When you call a model or your own deployed app on fal, you can pass platform-level HTTP headers that control how the request is handled. These headers are separate from the model's input arguments (like `prompt` or `image_size`) and from SDK method parameters (like `start_timeout` or `client_timeout`). They apply at the infrastructure level -- controlling retries, payload storage, media expiration, and routing.

Some of these headers have dedicated SDK parameters that set them automatically. For example, passing `start_timeout=30` in the SDK sets `X-Fal-Request-Timeout: 30` under the hood. Others, like `X-Fal-Store-IO`, can only be set via the `headers` dict. This page documents all platform headers in one place. For headers that have SDK parameters, the corresponding method pages are linked.

***

## X-Fal-Request-Timeout (`start_timeout`)

Server-side **time-to-start** deadline in seconds. Despite the header name, this does not limit total request time. The clock starts when the request is submitted and covers queue wait, runner acquisition, and failed retry attempts. Once a runner successfully begins processing, the timeout stops and inference can run as long as it needs. If the deadline is reached before any runner starts processing, the server returns `504 Gateway Timeout` with `X-Fal-Request-Timeout-Type: user`. To limit total client-side wait time (including processing), use `client_timeout` on [`subscribe()`](/documentation/model-apis/inference/queue#client_timeout-subscribe-only) instead.

|                   |                                                                                                                                                                                                                                                  |
| ----------------- | ------------------------------------------------------------------------------------------------------------------------------------------------------------------------------------------------------------------------------------------------ |
| **Header**        | `X-Fal-Request-Timeout`                                                                                                                                                                                                                          |
| **Default**       | No timeout                                                                                                                                                                                                                                       |
| **Minimum**       | > 0.1 seconds                                                                                                                                                                                                                                    |
| **SDK parameter** | `start_timeout` on [`submit()`](/documentation/model-apis/inference/queue#start-timeout), [`subscribe()`](/documentation/model-apis/inference/queue#start-timeout), and [`run()`](/documentation/model-apis/inference/synchronous#start-timeout) |

***

## X-Fal-Runner-Hint (`hint`)

Routing hint that tells fal to try to route the request to a specific runner. Useful for session affinity -- for example, keeping requests pinned to a runner that already has a LoRA adapter or conversation state loaded in memory. If the hinted runner is unavailable, fal routes to any available runner.
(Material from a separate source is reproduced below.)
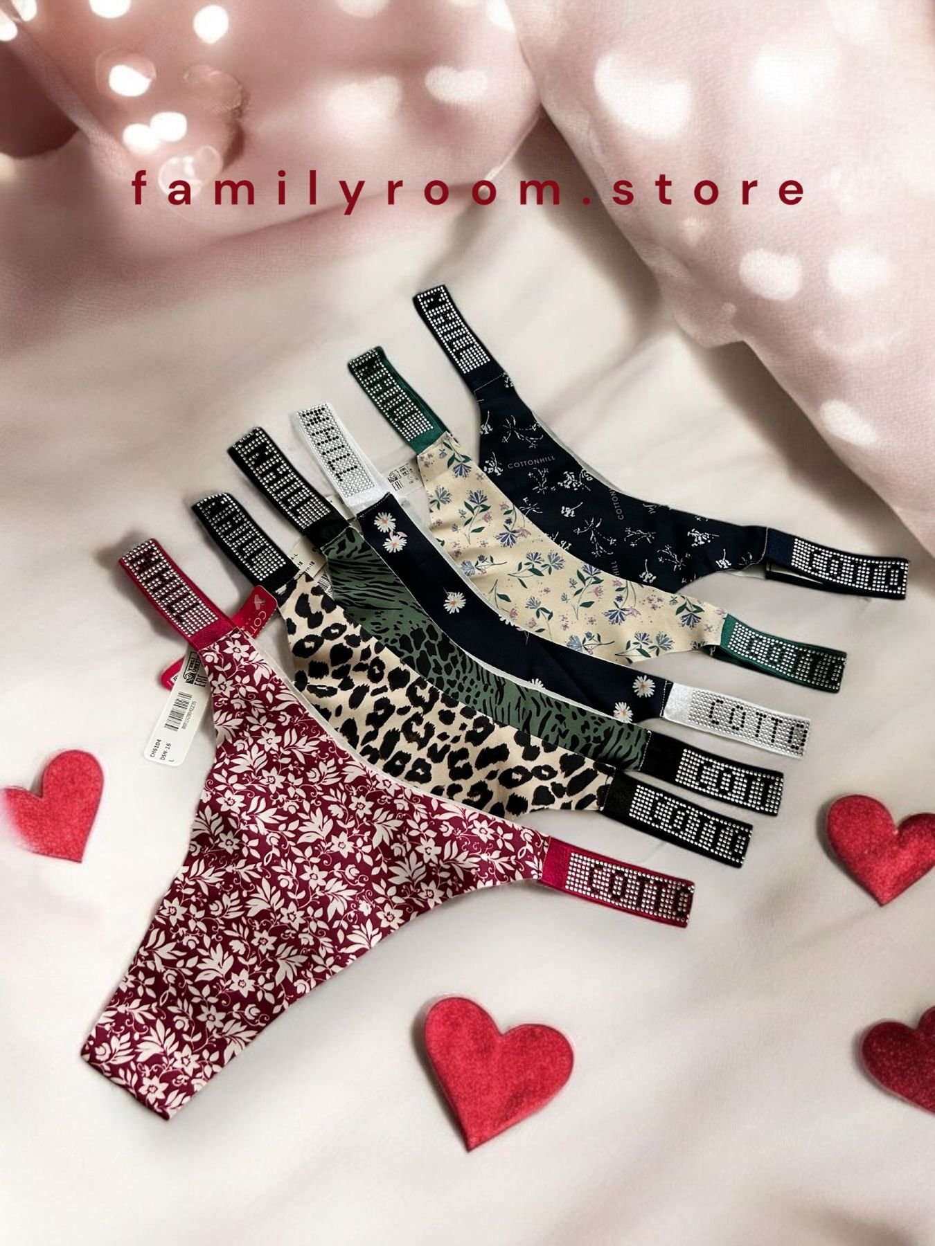 Ці трусики прикрашені витонченими стрічками зі стразами, що зачаровують своїм унікальним дизайном. На стрічках викладено напис “COTTONHILL” зі стійких до прання стразів, тому ви можете прати їх без остраху втратити блиск.

|                   |                                                                                                                                                                                                              |
| ----------------- | ------------------------------------------------------------------------------------------------------------------------------------------------------------------------------------------------------------ |
| **Header**        | `X-Fal-Runner-Hint`                                                                                                                                                                                          |
| **Default**       | Automatic routing                                                                                                                                                                                            |
| **SDK parameter** | `hint` on [`submit()`](/documentation/model-apis/inference/queue#hint), [`subscribe()`](/documentation/model-apis/inference/queue#hint), and [`run()`](/documentation/model-apis/inference/synchronous#hint) |

***

## X-Fal-Queue-Priority (`priority`)

Queue priority for the request. Priority applies to the per-endpoint queue -- every request to the same endpoint shares one queue, regardless of who sent it. A low-priority request sits behind all normal-priority requests. This means setting `"low"` on a shared model API deprioritizes your request relative to all other users of that model.
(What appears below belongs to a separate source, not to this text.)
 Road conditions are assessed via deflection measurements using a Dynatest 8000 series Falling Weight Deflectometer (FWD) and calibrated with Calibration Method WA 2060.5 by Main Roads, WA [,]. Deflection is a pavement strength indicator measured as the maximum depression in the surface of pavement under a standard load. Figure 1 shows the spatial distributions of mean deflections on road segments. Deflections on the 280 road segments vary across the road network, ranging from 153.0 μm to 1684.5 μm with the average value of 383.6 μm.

|                   |                                                                                                                                                        |
| ----------------- | ------------------------------------------------------------------------------------------------------------------------------------------------------ |
| **Header**        | `X-Fal-Queue-Priority`                                                                                                                                 |
| **Default**       | `"normal"`                                                                                                                                             |
| **Values**        | `"normal"`, `"low"`                                                                                                                                    |
| **SDK parameter** | `priority` on [`submit()`](/documentation/model-apis/inference/queue#priority) and [`subscribe()`](/documentation/model-apis/inference/queue#priority) |

***

## X-Fal-Object-Lifecycle-Preference

Control how long generated files (images, videos, audio) are stored on fal's CDN.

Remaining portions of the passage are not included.